Intro to Transformers: The Decoder Block

The structure of the Decoder block is similar to the structure of the Encoder block, but has some minor differences.
By Boris Delovski • Updated on May 3, 2023
blog image

In the first part of this series about Transformers, I explained the motivation for creating the Transformer architecture and how one of its main parts, the Encoder, works. In this article, I will wrap up my explanation of the Transformer architecture by explaining what happens in the Decoder block. The structure of the Decoder block is similar to the structure of the Encoder block, but it has some minor differences. To explain these differences, I’ll continue with the example of translating text from one language to another, which is the task the Transformer model originally designed for.



What is the Decoder Block?

The Decoder block

The Decoder block

Image Source: Vaswani, A., et al. "Attention is all you need." Advances in neural information processing systems 30 (2017).

The Decoder block is an essential component of the Transformer model that generates output sequences by interpreting encoded input sequences processed by the Encoder block. It is composed of five distinct parts:


  • Positional Encoder
  • Masked Multi-Head Self-Attention Layer
  • Encoder-Decoder Attention Layer
  • Feed-Forward network
  • Final Linear layer



How to Use the Positional Encoder

The Positional Encoder

The Positional Encoder

Image Source: Vaswani, A., et al. "Attention is all you need." Advances in neural information processing systems 30 (2017).

The Positional Encoder in the Decoder block operates similarly to its counterpart in the Encoder block, encoding the target language sentence instead. For instance, let’s consider translating this English sentence, "The dog barked at the cat," into French, which is "Le chien a aboyé au chat." I must first positionally encode the French sentence, just like I did with the English sentence in part one. 

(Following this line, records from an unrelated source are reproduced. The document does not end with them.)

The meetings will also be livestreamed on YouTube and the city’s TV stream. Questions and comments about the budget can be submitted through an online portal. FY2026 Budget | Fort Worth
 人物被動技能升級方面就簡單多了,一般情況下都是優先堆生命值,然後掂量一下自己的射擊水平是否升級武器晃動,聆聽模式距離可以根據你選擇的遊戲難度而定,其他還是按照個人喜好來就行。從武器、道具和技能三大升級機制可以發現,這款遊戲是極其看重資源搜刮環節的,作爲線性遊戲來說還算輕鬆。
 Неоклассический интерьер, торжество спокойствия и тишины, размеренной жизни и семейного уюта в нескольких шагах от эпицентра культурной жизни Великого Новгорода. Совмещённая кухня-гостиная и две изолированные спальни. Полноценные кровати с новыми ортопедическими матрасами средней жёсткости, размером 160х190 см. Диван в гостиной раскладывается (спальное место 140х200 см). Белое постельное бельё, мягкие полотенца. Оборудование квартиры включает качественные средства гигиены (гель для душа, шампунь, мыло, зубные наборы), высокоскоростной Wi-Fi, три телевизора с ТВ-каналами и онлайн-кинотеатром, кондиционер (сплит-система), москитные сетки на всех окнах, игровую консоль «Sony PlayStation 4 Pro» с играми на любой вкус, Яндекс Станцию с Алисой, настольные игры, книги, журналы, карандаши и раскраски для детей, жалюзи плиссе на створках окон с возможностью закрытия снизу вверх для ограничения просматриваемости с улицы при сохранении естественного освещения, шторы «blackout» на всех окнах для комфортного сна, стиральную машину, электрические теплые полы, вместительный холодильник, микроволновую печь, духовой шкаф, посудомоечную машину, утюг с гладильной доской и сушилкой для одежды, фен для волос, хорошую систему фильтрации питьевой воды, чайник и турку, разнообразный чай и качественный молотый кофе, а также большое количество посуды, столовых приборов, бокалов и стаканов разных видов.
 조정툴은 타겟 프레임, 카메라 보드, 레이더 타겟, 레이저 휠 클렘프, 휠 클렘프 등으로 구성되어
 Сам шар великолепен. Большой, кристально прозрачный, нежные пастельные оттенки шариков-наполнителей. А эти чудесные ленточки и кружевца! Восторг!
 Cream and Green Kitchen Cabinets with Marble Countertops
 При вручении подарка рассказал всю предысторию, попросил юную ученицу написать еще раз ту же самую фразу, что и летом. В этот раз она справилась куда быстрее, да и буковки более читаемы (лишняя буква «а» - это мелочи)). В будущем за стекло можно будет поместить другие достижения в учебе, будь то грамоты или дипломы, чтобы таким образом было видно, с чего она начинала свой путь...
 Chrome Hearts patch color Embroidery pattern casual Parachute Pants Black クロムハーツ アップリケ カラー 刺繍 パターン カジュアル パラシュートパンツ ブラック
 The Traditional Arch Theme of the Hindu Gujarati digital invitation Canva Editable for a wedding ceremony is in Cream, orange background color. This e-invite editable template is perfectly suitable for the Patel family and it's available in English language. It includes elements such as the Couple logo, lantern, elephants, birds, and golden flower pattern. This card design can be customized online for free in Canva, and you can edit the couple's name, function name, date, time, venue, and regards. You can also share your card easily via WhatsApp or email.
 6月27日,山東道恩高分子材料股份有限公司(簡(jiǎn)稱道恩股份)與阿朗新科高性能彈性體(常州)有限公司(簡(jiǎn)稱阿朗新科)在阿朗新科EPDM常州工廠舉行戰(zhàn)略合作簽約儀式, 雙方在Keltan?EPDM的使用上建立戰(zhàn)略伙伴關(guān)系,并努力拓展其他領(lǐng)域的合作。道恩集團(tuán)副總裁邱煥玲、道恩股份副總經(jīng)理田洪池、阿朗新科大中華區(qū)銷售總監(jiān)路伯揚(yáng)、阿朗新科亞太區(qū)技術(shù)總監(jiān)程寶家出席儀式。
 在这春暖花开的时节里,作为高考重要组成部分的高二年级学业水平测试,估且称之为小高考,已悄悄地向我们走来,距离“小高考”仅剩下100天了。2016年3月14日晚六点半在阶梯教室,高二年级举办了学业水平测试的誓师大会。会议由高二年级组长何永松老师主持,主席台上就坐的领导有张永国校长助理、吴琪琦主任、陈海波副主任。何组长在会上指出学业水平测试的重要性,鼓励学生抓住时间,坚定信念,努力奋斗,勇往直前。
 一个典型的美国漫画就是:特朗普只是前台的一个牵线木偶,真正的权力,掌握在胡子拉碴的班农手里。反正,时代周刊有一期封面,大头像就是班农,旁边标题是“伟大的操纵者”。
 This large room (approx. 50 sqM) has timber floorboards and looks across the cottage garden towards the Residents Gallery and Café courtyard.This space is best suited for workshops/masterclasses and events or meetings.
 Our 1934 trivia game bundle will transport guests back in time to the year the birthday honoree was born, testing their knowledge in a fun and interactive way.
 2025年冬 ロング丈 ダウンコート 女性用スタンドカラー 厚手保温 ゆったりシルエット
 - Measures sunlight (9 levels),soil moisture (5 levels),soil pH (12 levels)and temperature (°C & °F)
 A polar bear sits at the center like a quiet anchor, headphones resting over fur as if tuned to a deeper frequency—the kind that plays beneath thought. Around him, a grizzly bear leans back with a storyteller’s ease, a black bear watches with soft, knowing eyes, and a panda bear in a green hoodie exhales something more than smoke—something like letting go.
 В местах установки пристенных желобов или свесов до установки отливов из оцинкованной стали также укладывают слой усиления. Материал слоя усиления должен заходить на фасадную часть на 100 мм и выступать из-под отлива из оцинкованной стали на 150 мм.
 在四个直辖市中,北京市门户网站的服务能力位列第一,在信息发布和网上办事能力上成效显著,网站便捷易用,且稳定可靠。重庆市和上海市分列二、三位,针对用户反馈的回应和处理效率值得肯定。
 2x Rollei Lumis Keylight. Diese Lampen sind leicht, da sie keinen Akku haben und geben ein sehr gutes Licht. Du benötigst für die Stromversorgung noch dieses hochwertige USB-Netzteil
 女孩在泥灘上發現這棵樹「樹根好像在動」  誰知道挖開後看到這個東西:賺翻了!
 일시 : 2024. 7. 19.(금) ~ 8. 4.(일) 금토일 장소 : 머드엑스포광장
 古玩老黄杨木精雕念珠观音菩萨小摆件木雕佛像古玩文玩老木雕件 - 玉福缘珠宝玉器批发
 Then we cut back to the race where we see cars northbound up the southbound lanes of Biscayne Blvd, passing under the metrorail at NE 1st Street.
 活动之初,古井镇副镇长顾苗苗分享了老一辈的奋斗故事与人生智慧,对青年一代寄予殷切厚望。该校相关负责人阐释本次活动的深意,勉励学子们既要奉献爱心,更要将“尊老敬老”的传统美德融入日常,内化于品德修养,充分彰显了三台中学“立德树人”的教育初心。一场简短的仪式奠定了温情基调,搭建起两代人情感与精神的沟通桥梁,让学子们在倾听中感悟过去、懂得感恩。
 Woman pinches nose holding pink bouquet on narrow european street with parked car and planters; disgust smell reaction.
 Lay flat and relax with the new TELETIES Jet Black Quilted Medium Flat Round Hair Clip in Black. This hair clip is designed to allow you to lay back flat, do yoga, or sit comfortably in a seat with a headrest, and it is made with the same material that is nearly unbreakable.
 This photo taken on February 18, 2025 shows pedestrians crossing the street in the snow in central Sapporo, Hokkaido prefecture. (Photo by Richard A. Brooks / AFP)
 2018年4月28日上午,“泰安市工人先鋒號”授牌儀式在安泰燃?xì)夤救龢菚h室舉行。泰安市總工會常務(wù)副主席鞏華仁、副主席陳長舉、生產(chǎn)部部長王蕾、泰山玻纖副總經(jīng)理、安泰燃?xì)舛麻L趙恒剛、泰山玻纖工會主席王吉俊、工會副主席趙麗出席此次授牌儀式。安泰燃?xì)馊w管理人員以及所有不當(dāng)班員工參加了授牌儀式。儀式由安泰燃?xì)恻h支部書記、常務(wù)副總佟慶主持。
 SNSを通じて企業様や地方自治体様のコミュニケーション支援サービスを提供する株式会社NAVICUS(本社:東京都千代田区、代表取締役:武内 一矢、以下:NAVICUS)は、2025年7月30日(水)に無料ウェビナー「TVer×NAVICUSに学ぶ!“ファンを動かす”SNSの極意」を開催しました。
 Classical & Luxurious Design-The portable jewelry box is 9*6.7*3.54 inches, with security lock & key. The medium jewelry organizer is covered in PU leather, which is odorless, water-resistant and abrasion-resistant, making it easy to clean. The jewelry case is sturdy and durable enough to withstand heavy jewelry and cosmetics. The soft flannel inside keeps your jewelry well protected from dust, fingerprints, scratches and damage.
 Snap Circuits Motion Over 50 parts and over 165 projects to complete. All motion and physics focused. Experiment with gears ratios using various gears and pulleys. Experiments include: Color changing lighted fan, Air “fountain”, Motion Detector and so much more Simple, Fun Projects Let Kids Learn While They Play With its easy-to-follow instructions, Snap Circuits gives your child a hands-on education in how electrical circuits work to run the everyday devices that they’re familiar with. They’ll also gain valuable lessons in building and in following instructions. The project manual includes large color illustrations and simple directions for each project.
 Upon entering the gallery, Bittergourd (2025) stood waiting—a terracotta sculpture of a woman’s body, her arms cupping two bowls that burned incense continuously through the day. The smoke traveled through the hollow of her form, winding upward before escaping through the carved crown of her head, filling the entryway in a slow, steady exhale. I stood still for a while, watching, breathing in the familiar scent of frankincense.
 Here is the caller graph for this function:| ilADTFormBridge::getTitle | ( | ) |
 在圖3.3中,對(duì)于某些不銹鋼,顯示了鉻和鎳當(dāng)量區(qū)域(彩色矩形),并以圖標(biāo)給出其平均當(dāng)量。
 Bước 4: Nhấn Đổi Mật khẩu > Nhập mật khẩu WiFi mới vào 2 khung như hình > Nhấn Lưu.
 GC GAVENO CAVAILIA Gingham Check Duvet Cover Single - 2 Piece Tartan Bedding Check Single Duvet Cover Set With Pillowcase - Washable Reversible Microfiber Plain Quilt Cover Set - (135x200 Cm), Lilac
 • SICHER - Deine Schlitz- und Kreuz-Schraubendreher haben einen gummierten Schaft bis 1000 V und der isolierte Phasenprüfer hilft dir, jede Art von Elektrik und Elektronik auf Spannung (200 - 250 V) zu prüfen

Assuming 4-dimensional word vectors for the translated sentence, it will look like this:


  • Le: [0.25, 0.35, 0.42, 0.50]
  • chien: [0.60, 0.70, 0.80, 0.90]
  • a: [1.05, 1.15, 1.20, 1.25]
  • aboyé: [1.40, 1.50, 1.60, 1.70]
  • au: [1.85, 1.95, 2.00, 2.10]
  • chat: [2.15, 2.25, 2.35, 2.45]

The Positional Encoder integrates positional data into the word vectors by creating positional vectors, which are generated using the same technique as the Encoder block uses:


  • Position 1: [0.01, 0.02, 0.03, 0.04]
  • Position 2: [0.05, 0.06, 0.07, 0.08]
  • Position 3: [0.09, 0.10, 0.11, 0.12]
  • Position 4: [0.13, 0.14, 0.15, 0.16]
  • Position 5: [0.17, 0.18, 0.19, 0.20]
  • Position 6: [0.21, 0.22, 0.23, 0.24]

To obtain positionally encoded word vectors for the French sentence, you do the same thing I did in the Encoder block; you sum the word vectors and their corresponding positional vectors:


  • Le (position 1): [0.25+0.01, 0.35+0.02, 0.42+0.03, 0.50+0.04] = [0.26, 0.37, 0.45, 0.54]
  • chien (position 2): [0.60+0.05, 0.70+0.06, 0.80+0.07, 0.90+0.08] = [0.65, 0.76, 0.87, 0.98]
  • a (position 3): [1.05+0.09, 1.15+0.10, 1.20+0.11, 1.25+0.12] = [1.14, 1.25, 1.31, 1.37]
  • aboyé (position 4): [1.40+0.13, 1.50+0.14, 1.60+0.15, 1.70+0.16] = [1.53, 1.64, 1.75, 1.86]
  • au (position 5): [1.85+0.17, 1.95+0.18, 2.00+0.19, 2.10+0.20] = [2.02, 2.13, 2.19, 2.30]
  • chat (position 6): [2.15+0.21, 2.25+0.22, 2.35+0.23, 2.45+0.24] = [2.36, 2.47, 2.58,2.69]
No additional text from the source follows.